Je continue d’avancer, mais plus prudemment. Parviens à la zone de disparition de la cavalière. Et je pige.

Que ne pigeré-je, puisque je vois !

Le champ de maïs produit une cassure avec une brusque dénivellation d’au moins quinze à vingt mètres. Cette dénivellation a été aménagée, l’homme étant ingénieux, en une voie rurale, plus large qu’il n’est habituel d’en pratiquer pour desservir les zones agricoles.

A cause des hautes tiges de maïs et de leurs épis, cavalier et monture ne se sont aperçu de l’accident géologique qu’au tout dernier moment. Le bourrin s’est alors arc-bouté de toutes ses forces. Mais il a malgré tout glissé car c’était trop tard ; sa cavalière, désarçonnée, a piqué un valdingue épique. Et tu vas voir combien le mot « épique » est judicieux : Barbara a terminé son plongeon dans la combe en s’embrochant sur les fourches nombreuses d’une vieille moissonneuse rouillée abandonnée là.

Vision dantesque, comme on dit puis en pareil cas. L’une des fourches lui a traversé la gorge et une partie du visage. Une seconde lui perfore la poitrine, une troisième le ventre et une quatrième et dernière la cuisse droite.

Je contemple l’hideux spectacle depuis ma monture écumante. Je pense à la justice immanente qu’on te cause dans les écoles. Son veuvage provoqué aura été de courte durée, à Mme X (car j’ignore toujours son nom de famille). Elle gît, perforée de toutes parts et de part en part sur ce vétuste engin de culture. Des ruisselets de sang lui dégoulinent le long du corps par une vingtaine d’orifices.

Son cheval qui lui n’est pas mort, hennit à la renverse, en agitant misérablement ses grosses pattounes. Visiblement, il a les reins brisés.
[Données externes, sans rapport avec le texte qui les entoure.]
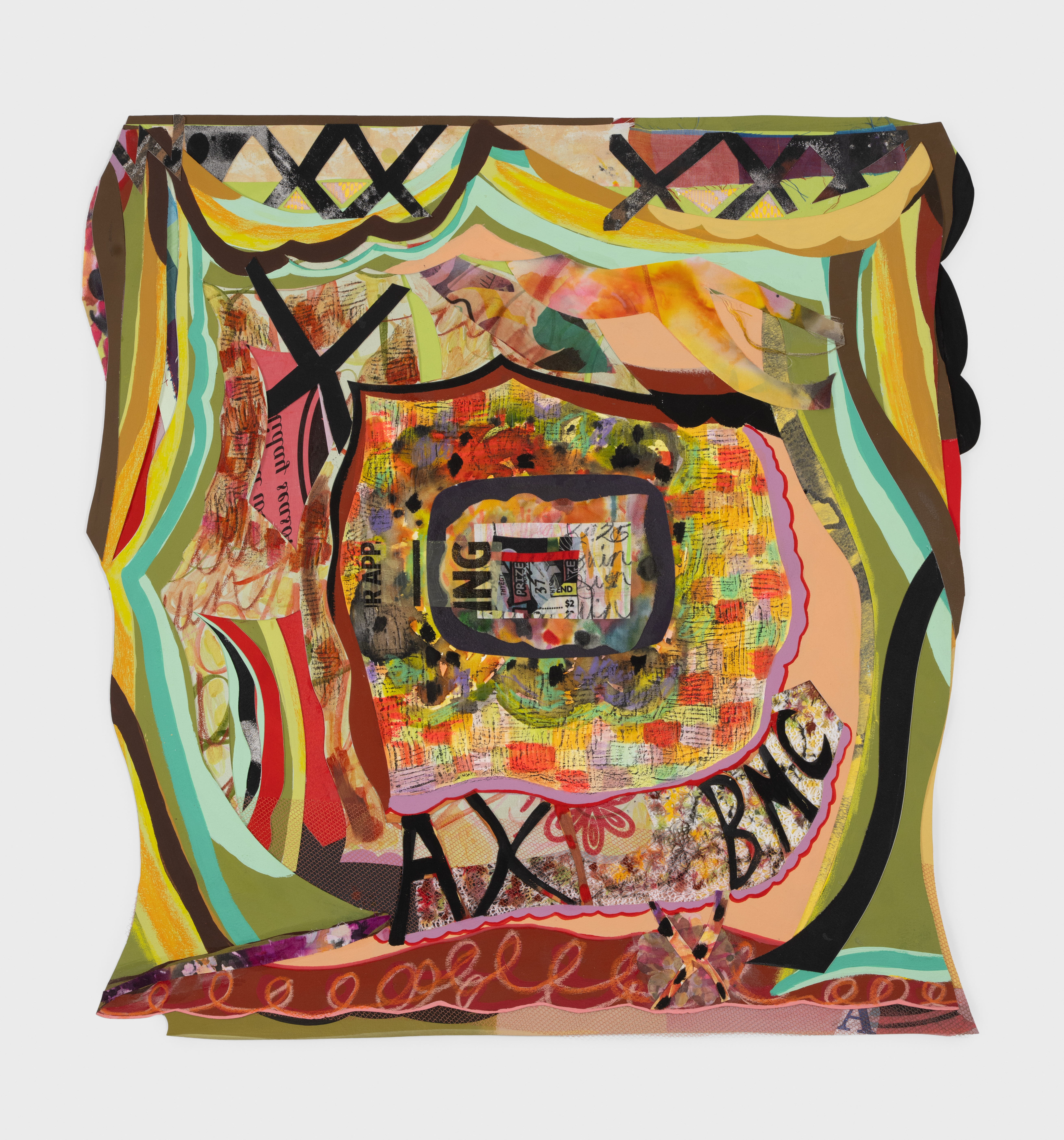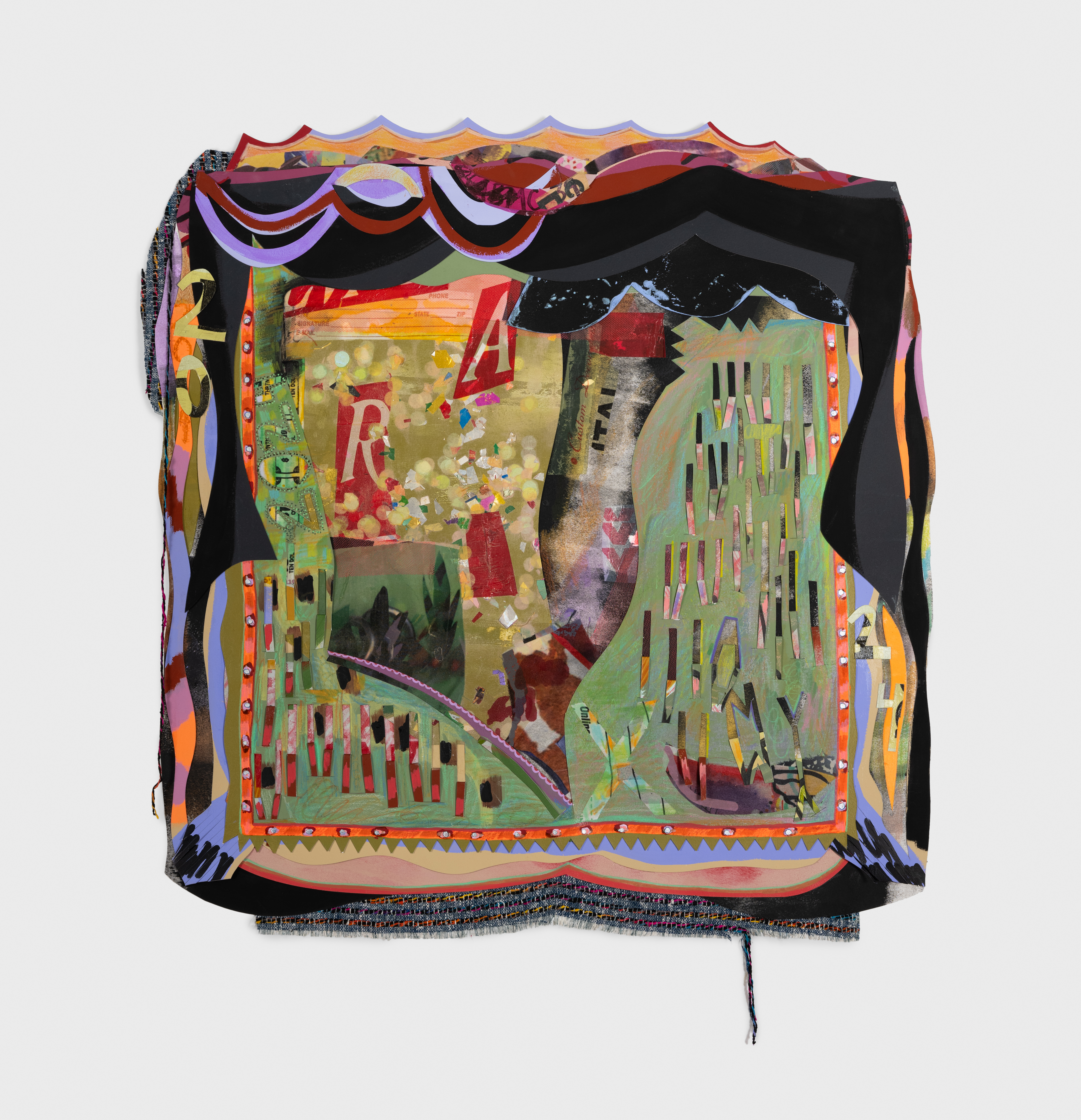 Bag (take only what you need)Bag (take only what you need) 2020 Mixed media, collage, fabric, beads on paper 35" x 22.5” x 1.5” -

Conscient de ce qu’il est malsain de s’éterniser ici, je le laisse à son agonie pour aller rejoindre Messire Blanc.

* * *

En fin de journée, nous atteignons Cracket Springs. Nous sommes vannés, fanés, moulus. L’épine d’or sale pareille à un jeu de dominos mis debout, queue leu leu avant d’être renversés.

Que je te fasse poiler : on a pu récupérer le bourrin de Jérémie. Après son canter solitaire, cet enfoiré de gail s’était mis à se goinfrer de maïs pour se refaire une santé. Ce con avait découvert que c’était une denrée comestible qu’il foulait de ses sabots et il s’en faisait craquer la sous-ventrière. On l’a approché sans mal et Jéré l’a escaladé.
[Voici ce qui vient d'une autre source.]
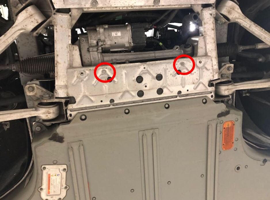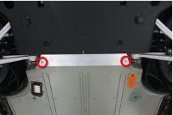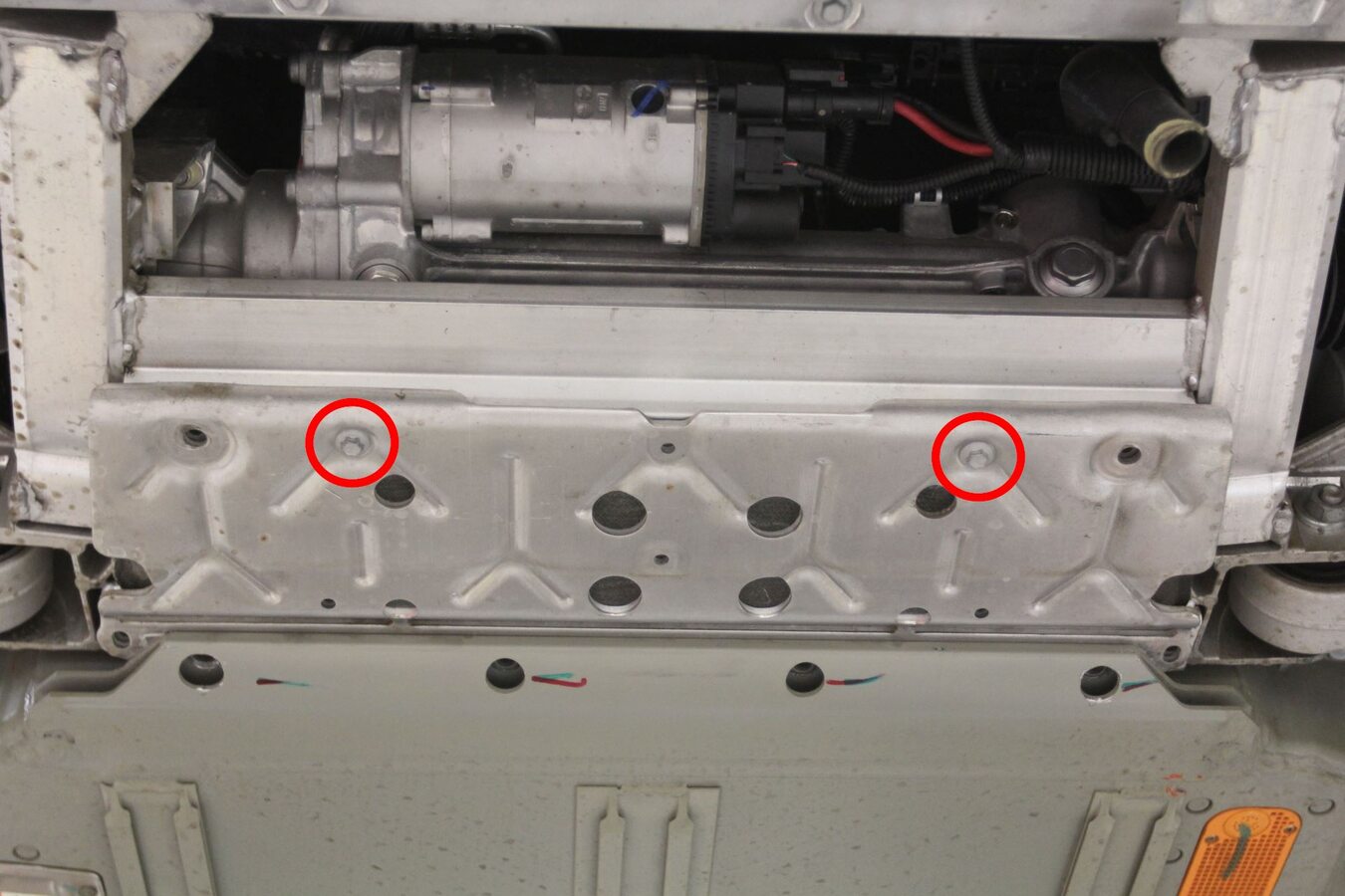 - Install the bolts (x2) that attach the front bash plate extrusion (torque 16 Nm).

Il en revenait pas, le Négus, de la mort brutale de Barbara. En attendant, elle solutionnait mes préoccupations concernant l’avenir immédiat de cette garce. La Providence lui avait présenté sa facture plus vite qu’espéré.

Donc, nous voici à quelques encablures de l’hospice où l’on s’occupe de Standley Woaf. Sur fond de couchant, il fait sinistre.

On a mis pied à terre dans un bois de mélèzes. Les chevaux sont k.-o. debout (c’est le cas ou jamais de le dire).

— Qu’en faisons-nous ? demande mon subordonné.

— On va les desseller.

A ne pas confondre avec le verbe déceler, lequel n’apporterait rien à leur confort.

— Et après ?

— On planque le harnachement dans le grand fourré que voilà et on les laisse vivre leur vie. Quand ils auront récupéré, ils partiront à l’aventure.

Un peu plus tard, deux hommes se tiennent sur le chemin conduisant à l’asile.

Deux beaux garçons dans la farce de loge. Je veux dire : dans la force de l’âge. Un Noir, un Blanc. Tous deux bien membrés et d’une intelligence supérieure à la moyenne d’au moins trente centimètres. Tu as deviné ? Nous !

Embusqués derrière de gros rochers moussus. Guettant.

Quoi ?

La sortie de l’établissement.

On se détend. Cette infernale randonnée en rang d’oignons fut une terrible épreuve. Mais le but est comme la tarte du même nom et dont je raffole : il est tatin[9] !

Nous n’avons pas longtemps à attendre.

Une petite voiture verte, de marque japonaise, hélas, finit par déboucher de la rébarbative entrée. De loin, je reconnais Margaret, la jolie et peu farouche secrétaire du docteur Robinson, le dirlo de l’établissement.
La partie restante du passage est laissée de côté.